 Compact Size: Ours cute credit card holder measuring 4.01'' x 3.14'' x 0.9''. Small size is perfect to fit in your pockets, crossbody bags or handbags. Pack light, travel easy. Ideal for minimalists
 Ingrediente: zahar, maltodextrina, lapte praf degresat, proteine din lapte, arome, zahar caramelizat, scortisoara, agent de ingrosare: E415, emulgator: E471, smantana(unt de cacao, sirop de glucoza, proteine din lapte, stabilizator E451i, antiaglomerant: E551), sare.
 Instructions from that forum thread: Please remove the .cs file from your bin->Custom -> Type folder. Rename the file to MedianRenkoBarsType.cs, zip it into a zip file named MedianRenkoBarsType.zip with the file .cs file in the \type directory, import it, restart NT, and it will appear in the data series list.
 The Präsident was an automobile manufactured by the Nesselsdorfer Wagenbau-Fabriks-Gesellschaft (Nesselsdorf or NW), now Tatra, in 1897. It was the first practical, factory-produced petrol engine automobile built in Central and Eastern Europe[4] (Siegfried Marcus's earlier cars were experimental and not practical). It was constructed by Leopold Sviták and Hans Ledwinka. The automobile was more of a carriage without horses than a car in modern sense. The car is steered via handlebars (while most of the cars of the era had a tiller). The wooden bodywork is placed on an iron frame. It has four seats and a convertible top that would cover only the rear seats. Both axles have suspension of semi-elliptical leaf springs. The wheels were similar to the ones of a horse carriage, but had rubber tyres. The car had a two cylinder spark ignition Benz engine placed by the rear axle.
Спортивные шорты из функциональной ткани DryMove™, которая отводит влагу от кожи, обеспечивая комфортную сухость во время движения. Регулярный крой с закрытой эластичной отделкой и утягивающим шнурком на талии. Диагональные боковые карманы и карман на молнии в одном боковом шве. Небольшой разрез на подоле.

---

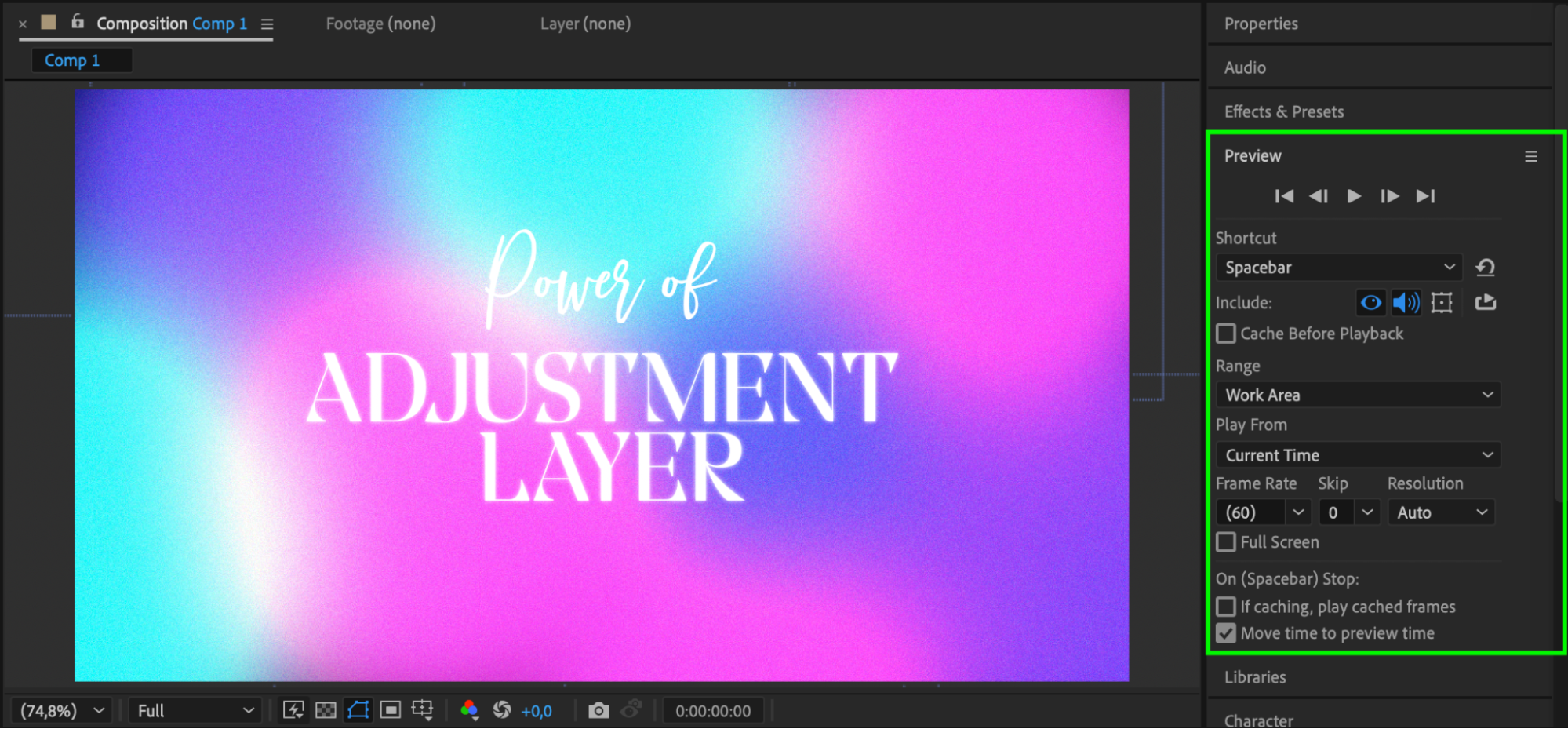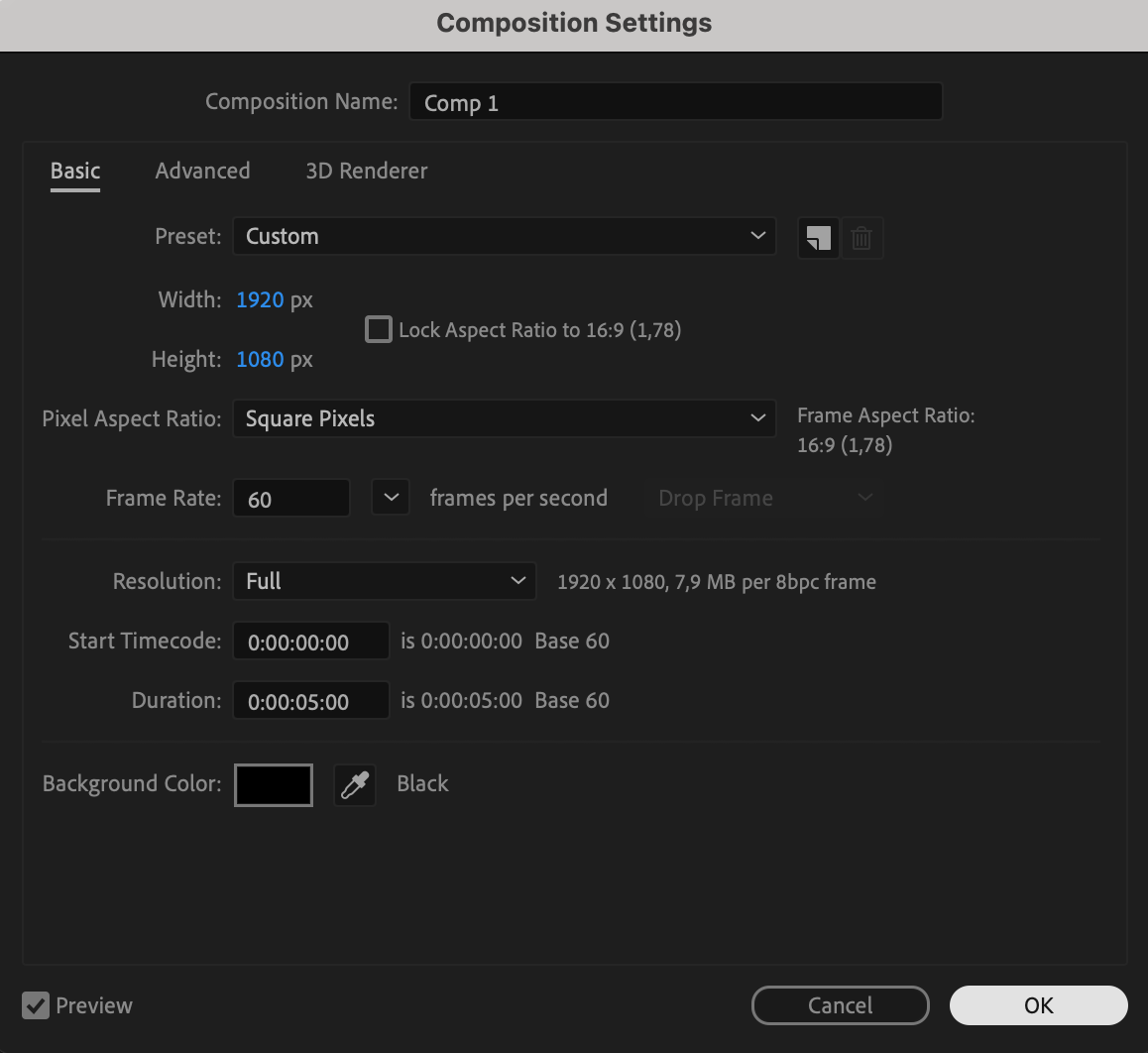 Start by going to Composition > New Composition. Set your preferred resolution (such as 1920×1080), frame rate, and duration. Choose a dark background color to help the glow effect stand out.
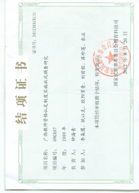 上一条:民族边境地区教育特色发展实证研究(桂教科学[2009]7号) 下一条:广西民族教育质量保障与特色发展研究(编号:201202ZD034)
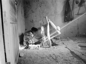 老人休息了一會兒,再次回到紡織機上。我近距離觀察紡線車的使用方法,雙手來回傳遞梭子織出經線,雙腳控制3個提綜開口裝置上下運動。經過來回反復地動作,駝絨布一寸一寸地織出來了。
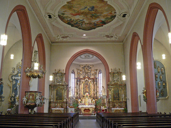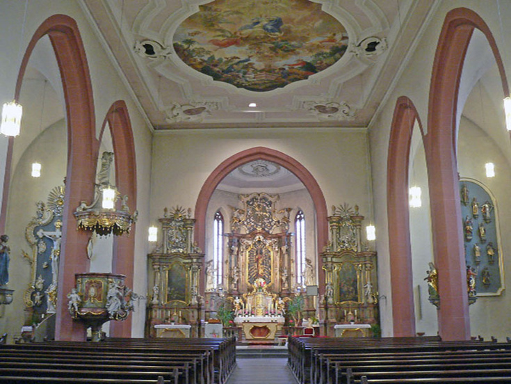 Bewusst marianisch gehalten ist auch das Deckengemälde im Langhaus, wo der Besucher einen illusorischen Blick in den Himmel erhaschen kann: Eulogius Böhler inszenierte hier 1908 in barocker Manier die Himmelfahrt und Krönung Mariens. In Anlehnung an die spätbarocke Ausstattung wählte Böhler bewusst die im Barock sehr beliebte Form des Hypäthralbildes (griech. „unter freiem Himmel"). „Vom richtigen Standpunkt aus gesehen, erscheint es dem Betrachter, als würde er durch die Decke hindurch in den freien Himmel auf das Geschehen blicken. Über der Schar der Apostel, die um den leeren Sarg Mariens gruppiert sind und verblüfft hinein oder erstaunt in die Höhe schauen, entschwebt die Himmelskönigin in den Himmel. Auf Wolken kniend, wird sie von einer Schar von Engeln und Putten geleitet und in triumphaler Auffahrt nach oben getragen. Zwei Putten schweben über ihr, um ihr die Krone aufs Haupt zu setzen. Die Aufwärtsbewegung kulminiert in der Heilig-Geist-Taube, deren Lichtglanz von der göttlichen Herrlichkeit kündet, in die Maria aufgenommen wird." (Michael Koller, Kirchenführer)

▸ **INSTRUCTIONS TO FOLLOW**
Would you output, from the records above, exactly the run of lines that starts at the line containing "Compact Size: Ours" and ends at the line containing "Instructions from that", and only that run?

▸ **OUTPUT OF THE EXERCISE**
 Compact Size: Ours cute credit card holder measuring 4.01'' x 3.14'' x 0.9''. Small size is perfect to fit in your pockets, crossbody bags or handbags. Pack light, travel easy. Ideal for minimalists
 Ingrediente: zahar, maltodextrina, lapte praf degresat, proteine din lapte, arome, zahar caramelizat, scortisoara, agent de ingrosare: E415, emulgator: E471, smantana(unt de cacao, sirop de glucoza, proteine din lapte, stabilizator E451i, antiaglomerant: E551), sare.
 Instructions from that forum thread: Please remove the .cs file from your bin->Custom -> Type folder. Rename the file to MedianRenkoBarsType.cs, zip it into a zip file named MedianRenkoBarsType.zip with the file .cs file in the \type directory, import it, restart NT, and it will appear in the data series list.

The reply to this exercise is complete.